Kan may be banking that the opposition’s tactic of opposing everything will cost votes, or at least make them wary of facing the voters anytime soon. Many important issues are bound up in the parliamentary deadlock. The government tax commission has recommended boosting the sales tax to sustain the pension system, cutting the corporate tax to boost the economy and raising the estate tax to raise revenue.
Beyond the immediate and pressing financial issues, the government is eager to turn its attention to the country’s faltering agricultural sector and allow Japan to join free trade zones. Japan is falling far behind regional competitors in this arena, South Korea in particular.
Virtually all top-level diplomacy has come to a halt. Kan has postponed his planned trip to Washington to meet with Obama while a proposed visit by Korea’s president Lee Myung-bak keeps getting set back while Kan focuses entirely on passing the budget.
Kan’s need to get the tiny Social Democratic Party back on his side might require him to change his party’s support for implementing the planned relocation of American bases on Okinawa, which would annoy Washington. The SDP left the governing coalition over this issue.

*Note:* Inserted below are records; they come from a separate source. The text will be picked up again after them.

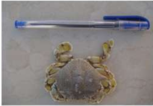
Ashtoret lunaris (Forskål, 1775)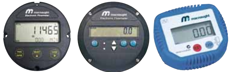
Standard LC Display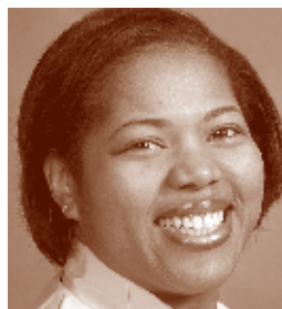
Aretha Rupert Girls Scout Council of Greater Minneapolis

The next few weeks will push Kan’s skills as a politician and leader to the limit. It is not impossible that he could pull something out of his hat, as party big wig Yoshito Sengoku recently hinted when he told people close to him, later reported in the Japanese press, “Late February will see an electrifying development.” He did not elaborate.
A kind of grand coalition with the LDP cannot be ruled out. Kan indeed first made a name for himself as a hard-charging health minister in a previous all-party coalition under the Socialist Prime Minister Tomiichi Murayama, from 1994-96. Ironic if he would end his career in another such coalition.